6. The intelligent double-sided transfer window for automated transfer of biological samples according to claim 5, characterized in that, The gear transmission assembly includes meshing gears and racks, a gear fixing bracket for fixing the gears, and a gear drive motor for driving the gears to operate. The pallet is fixed above the rack, and two second sliding rails are fixed at the bottom of the pallet. The two second sliding rails are respectively located on both sides of the rack, and the pallet is slidably mounted on the two sliding rail mounting plate through the two second sliding rails.
7. The intelligent double-sided transfer window for automated transfer of biological samples according to claim 6, characterized in that, The gear transmission assembly further includes a second sliding guide rail and a cable chain, wherein: The second sliding guide rail is disposed on the two sliding rail mounting plates, and the second sliding track is slidably sleeved on the second sliding guide rail; The cable chain is installed on one side of the gear fixing bracket to accommodate and guide the follower cable.
8. The intelligent double-sided transfer window for automated transfer of biological samples according to claim 1, characterized in that, It also includes a cover plate assembly, which comprises an outer cover plate and an inner cover plate, wherein: One side of the outer cover is provided with a power interface and a network interface, which are arranged at intervals. The other side is provided with a display screen and a fan hood facing the internal heat source installation position.

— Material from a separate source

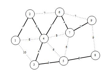 If the cables were free, we would want to minimize the total trench length. The bold edges in FIGURE 3 below represent the trenches that we would dig for this scenario. (This is the result of running Prim's Algorithm on the graph.)

9. The intelligent double-sided transfer window for automated transfer of biological samples according to claim 8, characterized in that, The external cover also integrates a power switch button, an NFC identification module, a face recognition module, a voice control module, and an electrical cabinet door.
10. The intelligent double-sided transfer window for automated transfer of biological samples according to claim 1, characterized in that, The inner side of the window and the corresponding slide rail are also equipped with a micro-heating defrosting strip.